Work order: Please report every line from the material that contains the word "will".

--- Information provided ---

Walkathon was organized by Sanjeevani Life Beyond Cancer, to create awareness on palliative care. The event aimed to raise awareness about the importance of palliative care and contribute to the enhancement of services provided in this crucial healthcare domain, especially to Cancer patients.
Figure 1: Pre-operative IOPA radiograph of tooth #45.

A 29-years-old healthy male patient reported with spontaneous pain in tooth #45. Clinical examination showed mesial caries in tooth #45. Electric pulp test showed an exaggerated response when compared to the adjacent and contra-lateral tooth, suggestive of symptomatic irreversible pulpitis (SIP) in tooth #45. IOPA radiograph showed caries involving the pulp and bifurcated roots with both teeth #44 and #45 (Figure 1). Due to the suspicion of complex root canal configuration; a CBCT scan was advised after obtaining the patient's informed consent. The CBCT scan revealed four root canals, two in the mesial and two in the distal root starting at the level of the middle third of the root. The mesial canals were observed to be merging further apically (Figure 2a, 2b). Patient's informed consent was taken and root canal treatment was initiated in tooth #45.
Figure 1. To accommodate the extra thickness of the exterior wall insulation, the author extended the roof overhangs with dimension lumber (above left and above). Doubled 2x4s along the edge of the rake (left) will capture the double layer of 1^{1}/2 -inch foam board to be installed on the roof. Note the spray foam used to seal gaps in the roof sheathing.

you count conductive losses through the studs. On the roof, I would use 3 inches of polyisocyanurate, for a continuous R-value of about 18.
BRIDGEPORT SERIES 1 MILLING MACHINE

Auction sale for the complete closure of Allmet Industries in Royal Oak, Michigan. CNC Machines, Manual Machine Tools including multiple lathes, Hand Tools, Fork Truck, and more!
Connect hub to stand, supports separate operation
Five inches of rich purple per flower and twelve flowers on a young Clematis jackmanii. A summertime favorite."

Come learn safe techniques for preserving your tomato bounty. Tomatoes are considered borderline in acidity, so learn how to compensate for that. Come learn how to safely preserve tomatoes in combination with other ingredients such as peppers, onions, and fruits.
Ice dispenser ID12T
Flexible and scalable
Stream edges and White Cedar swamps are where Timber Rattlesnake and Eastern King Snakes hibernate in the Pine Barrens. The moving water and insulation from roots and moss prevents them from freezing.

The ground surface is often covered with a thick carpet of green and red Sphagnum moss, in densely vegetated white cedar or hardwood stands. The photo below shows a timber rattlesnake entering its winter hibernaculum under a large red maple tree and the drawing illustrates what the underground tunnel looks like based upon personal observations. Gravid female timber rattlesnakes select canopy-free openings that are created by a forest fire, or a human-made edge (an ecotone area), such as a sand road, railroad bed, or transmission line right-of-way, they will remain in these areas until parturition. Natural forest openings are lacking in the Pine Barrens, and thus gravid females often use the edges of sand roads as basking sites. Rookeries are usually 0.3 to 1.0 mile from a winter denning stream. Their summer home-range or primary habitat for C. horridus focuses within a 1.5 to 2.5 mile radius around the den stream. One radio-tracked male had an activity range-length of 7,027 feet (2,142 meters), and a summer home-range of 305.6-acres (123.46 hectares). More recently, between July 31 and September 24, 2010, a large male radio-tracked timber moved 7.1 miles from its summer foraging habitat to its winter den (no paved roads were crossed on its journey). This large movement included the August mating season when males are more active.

---

Answer space:
Figure 1. To accommodate the extra thickness of the exterior wall insulation, the author extended the roof overhangs with dimension lumber (above left and above). Doubled 2x4s along the edge of the rake (left) will capture the double layer of 1^{1}/2 -inch foam board to be installed on the roof. Note the spray foam used to seal gaps in the roof sheathing.
The ground surface is often covered with a thick carpet of green and red Sphagnum moss, in densely vegetated white cedar or hardwood stands. The photo below shows a timber rattlesnake entering its winter hibernaculum under a large red maple tree and the drawing illustrates what the underground tunnel looks like based upon personal observations. Gravid female timber rattlesnakes select canopy-free openings that are created by a forest fire, or a human-made edge (an ecotone area), such as a sand road, railroad bed, or transmission line right-of-way, they will remain in these areas until parturition. Natural forest openings are lacking in the Pine Barrens, and thus gravid females often use the edges of sand roads as basking sites. Rookeries are usually 0.3 to 1.0 mile from a winter denning stream. Their summer home-range or primary habitat for C. horridus focuses within a 1.5 to 2.5 mile radius around the den stream. One radio-tracked male had an activity range-length of 7,027 feet (2,142 meters), and a summer home-range of 305.6-acres (123.46 hectares). More recently, between July 31 and September 24, 2010, a large male radio-tracked timber moved 7.1 miles from its summer foraging habitat to its winter den (no paved roads were crossed on its journey). This large movement included the August mating season when males are more active.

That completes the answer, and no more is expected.